Equally troubling, none of components of the overall industry work in lock-step. For example, the FDA could have indirectly required billions of dollars of research to be spent on a drug before it gives its approval, only to find that the organizations that provide guidelines for care don’t promote its use and the insurance carriers don’t contribute towards its charges.

One way to think about the current system is depicted in the following chart:

As the chart implies, all of the components of the healthcare industry impact each other. However, they don’t work in lock-step to achieve a certain outcome. Moreover, the consumer is hard-pressed to make heads or tails of the best approach for his or her condition given that the relevant information for each component is hard to get. This is particularly true for chronic illnesses. Hence, the current system almost guarantees a misallocation of resources

In broad terms, the cost of healthcare in the United States is approximately $3.0 trillion per year (or $10,000/person), including:
• 32% for hospital care
• 20% for physician and clinical services
• 10% for prescription drugs
• 5% for nursing care facilities and continuing care retirement communities

When looking for causation for these healthcare expenditures, there are many large targets including heart disease, diabetes, asthma, cancer, Alzheimer’s, Parkinson’s and Epilepsy.

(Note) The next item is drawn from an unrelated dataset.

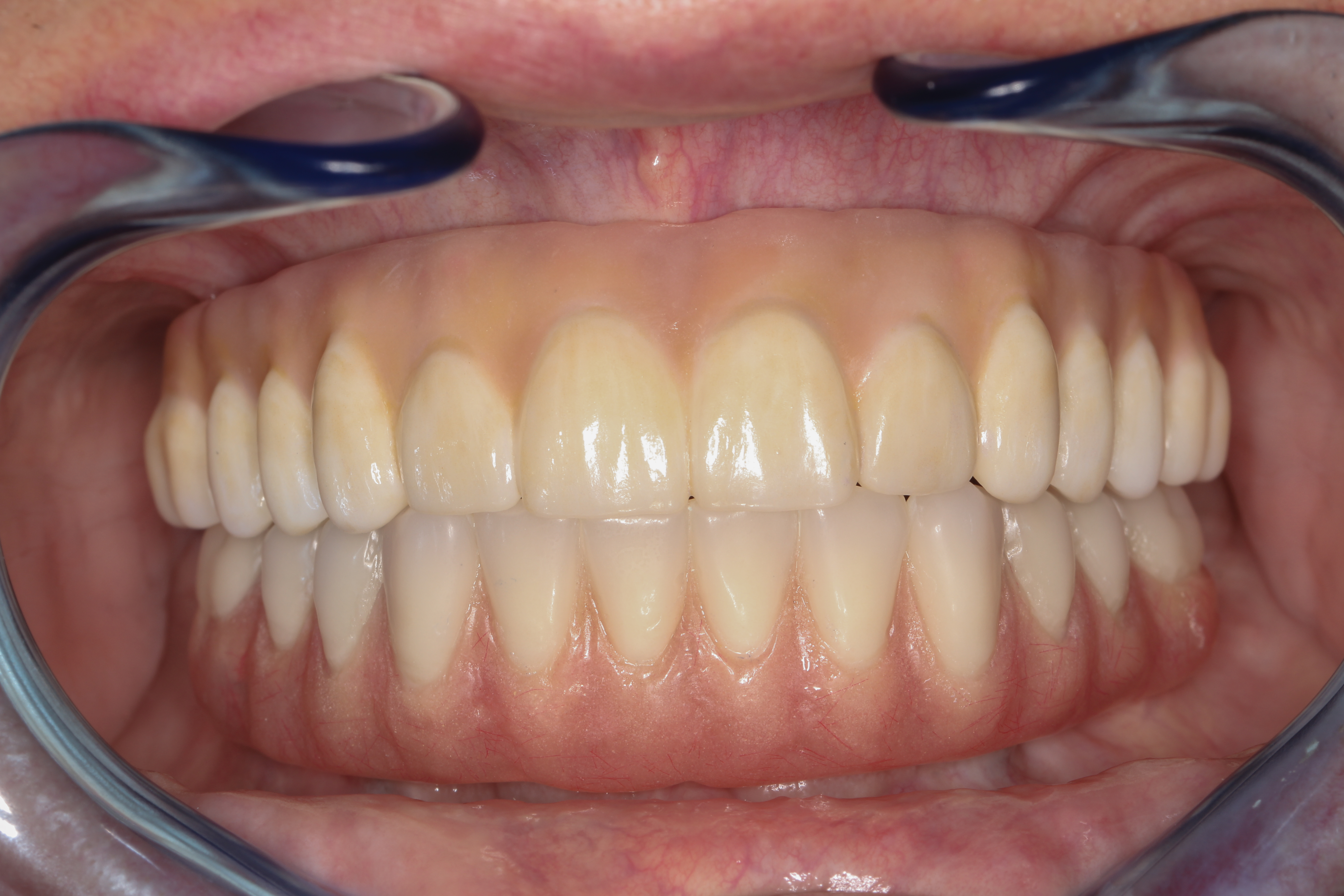 Final prosthesis delivery—The definitive prosthesis is delivered at this patient appointment. It can be made of milled zirconia or of denture teeth and acrylic on a milled titanium bar in addition to other prosthetic designs and materials as per the clinician’s preference.

Taken together, chronic diseases cause 7 of every 10 deaths in America. Moreover, about 25% of people with chronic diseases have some type of activity limitation such as needing help with dressing or bathing or being restricted from work or attending school.

By any measure, chronic diseases take a heavy toll on the nation’s health and wealth. For example, heart disease and stroke are estimated to cost over $430 billion per year. Diabetes costs are estimated to be about $175 billion per year. Alzheimer’s is estimated to add about $150 billion per year. And cancer adds over $200 billion per year. In total, over 50% of the $3 trillion spent on health care each year is attributable to chronic diseases.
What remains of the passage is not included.